## INSTRUCTIONS FOR THE TASK
An exact copy of every entry is needed, without the pictures.

[Records drawn from a dataset]
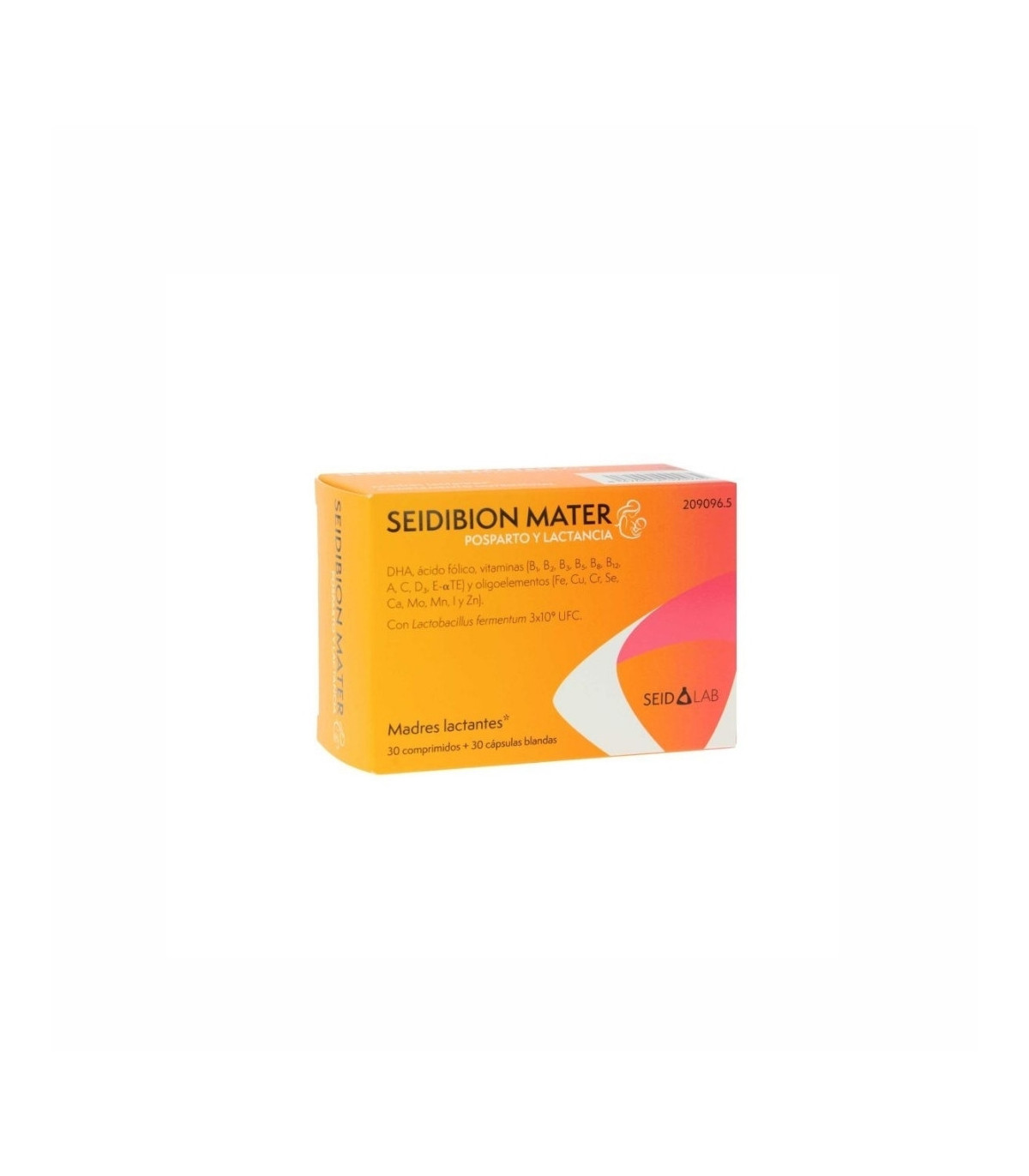 Seidibion Mater es un complemento alimenticio que combina cápsulas con DHA y comprimidos con vitaminas, minerales y probióticos, cubriendo las necesidades nutricionales en embarazo y lactancia.
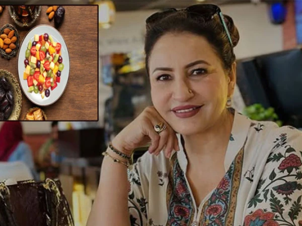 صبا فیصل نے بتایا کہ وہ رمضان میں فروٹ چاٹ دوپہر تقریباً 12 بجے ہی تیار کرلیتی ہیں اور اس میں چاٹ مصالحہ بھی اسی وقت شامل کر دیتی ہیں کیونکہ افطار شام میں ہوتا ہے۔
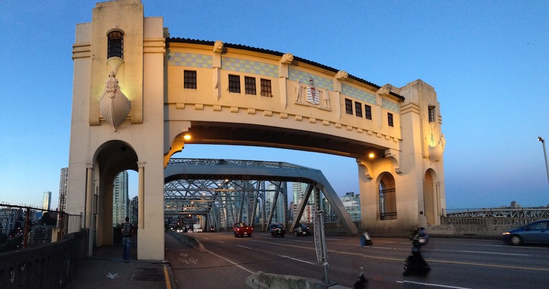Great shot from by my wife of the art deco entrance to the Burrard Bridge, just around the corner from our home in downtown Vancouver.
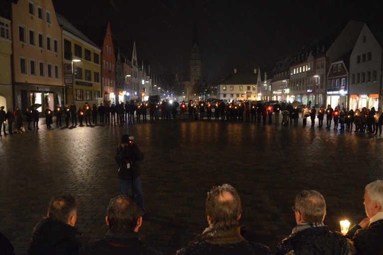 Kundgebung in Pfaffenhofen: 150 Leute versammelten sich heute Abend vor dem Rathaus, legten ein Bekenntnis für das Grundgesetz ab, bildeten einen Lichterkreis und verharrten in Stille
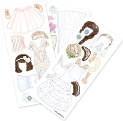 Благодарение на трите листа с магнитни части вашето дете може да създава безброй модни комбинации и да облича куклата според желанията си.
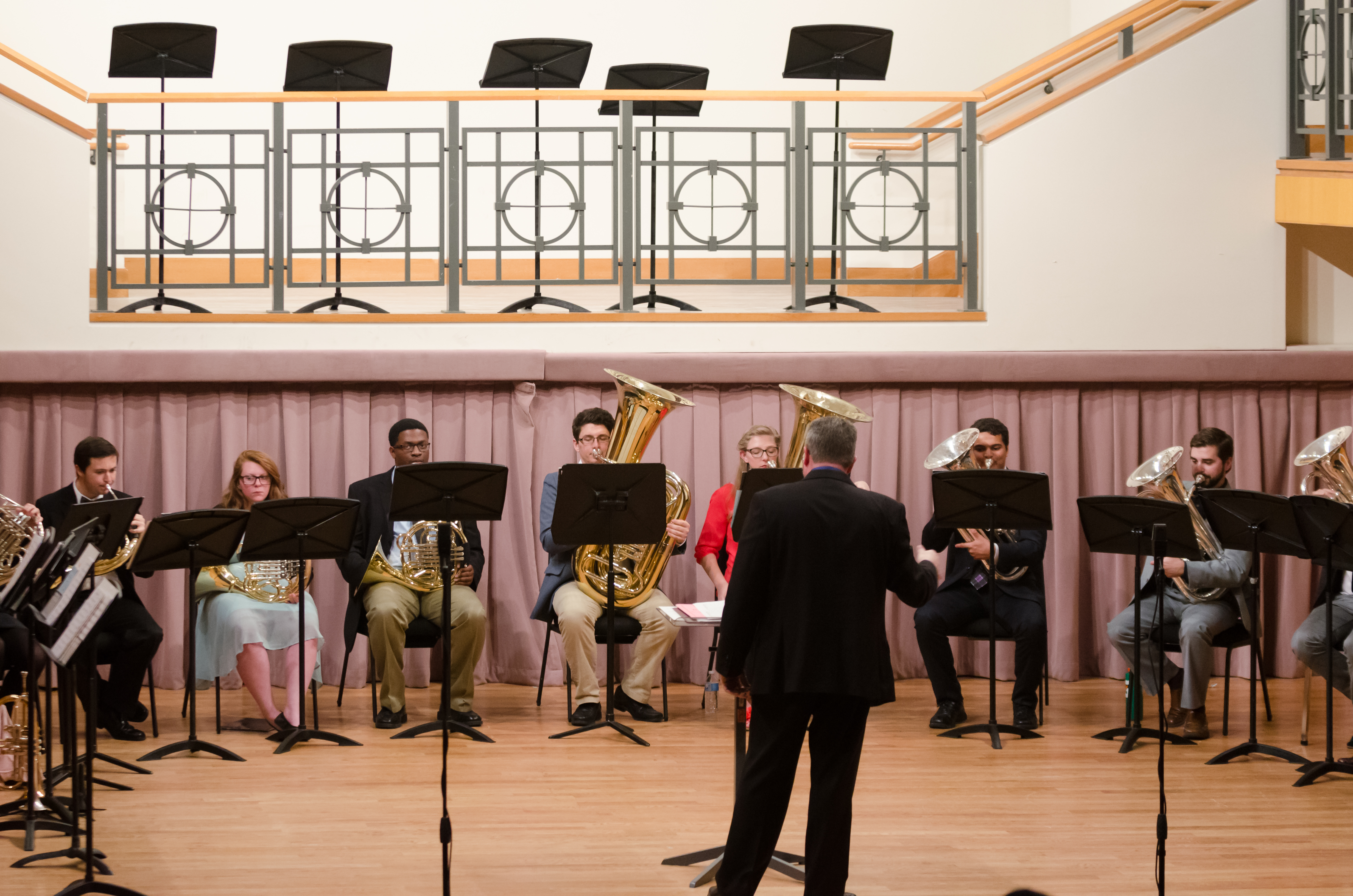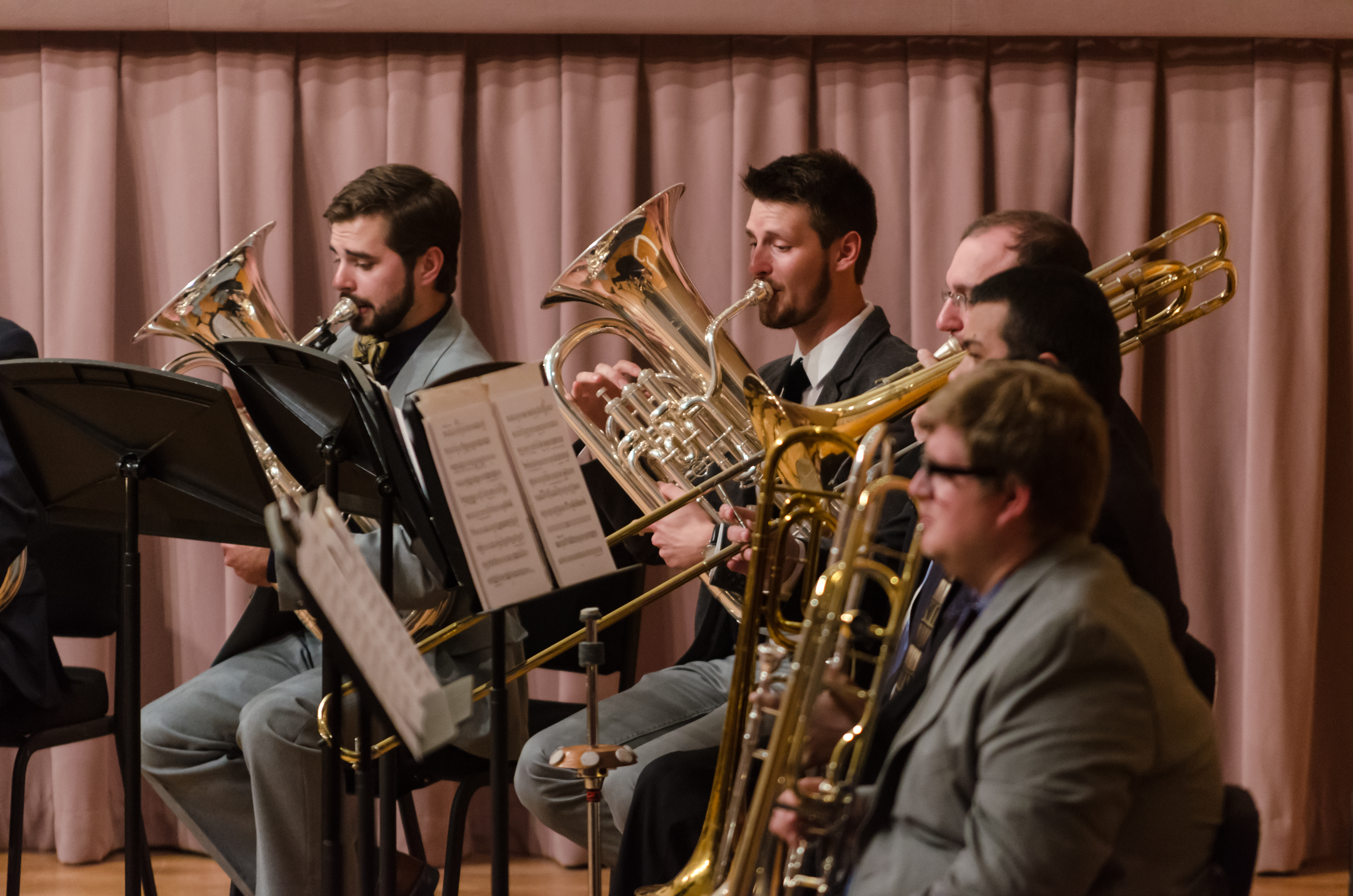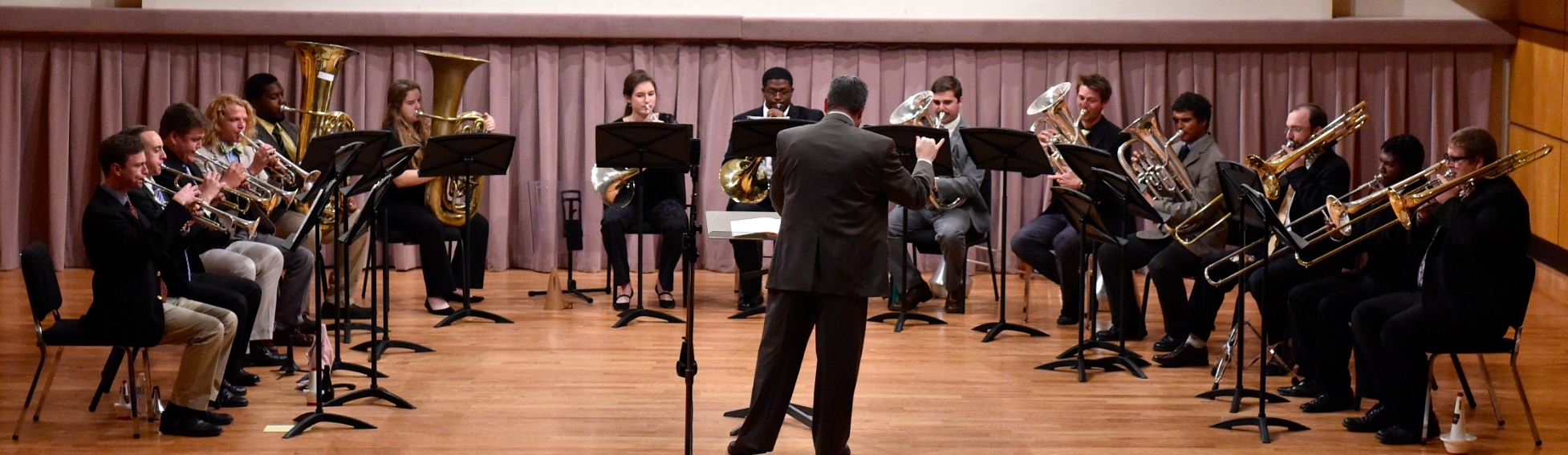 The ODU Brass Choir has been performing continuously since 1972 under the direction of William Bartolotta, and since 2006, directed by Mike Hall. The ensemble performs works written specifically for brass as well as arrangements of choral, orchestral, jazz, pop and show music. Performances are regularly given on and off campus featuring student as well as guest artist soloists. The choir often divides into smaller groups to perform chamber music. The Brass Choir rehearses MWF, 12:00-12:50 in Chandler Recital Hall.

## COMPLETED TASK
 Seidibion Mater es un complemento alimenticio que combina cápsulas con DHA y comprimidos con vitaminas, minerales y probióticos, cubriendo las necesidades nutricionales en embarazo y lactancia.
 صبا فیصل نے بتایا کہ وہ رمضان میں فروٹ چاٹ دوپہر تقریباً 12 بجے ہی تیار کرلیتی ہیں اور اس میں چاٹ مصالحہ بھی اسی وقت شامل کر دیتی ہیں کیونکہ افطار شام میں ہوتا ہے۔
Great shot from by my wife of the art deco entrance to the Burrard Bridge, just around the corner from our home in downtown Vancouver.
 Kundgebung in Pfaffenhofen: 150 Leute versammelten sich heute Abend vor dem Rathaus, legten ein Bekenntnis für das Grundgesetz ab, bildeten einen Lichterkreis und verharrten in Stille
 Благодарение на трите листа с магнитни части вашето дете може да създава безброй модни комбинации и да облича куклата според желанията си.
 The ODU Brass Choir has been performing continuously since 1972 under the direction of William Bartolotta, and since 2006, directed by Mike Hall. The ensemble performs works written specifically for brass as well as arrangements of choral, orchestral, jazz, pop and show music. Performances are regularly given on and off campus featuring student as well as guest artist soloists. The choir often divides into smaller groups to perform chamber music. The Brass Choir rehearses MWF, 12:00-12:50 in Chandler Recital Hall.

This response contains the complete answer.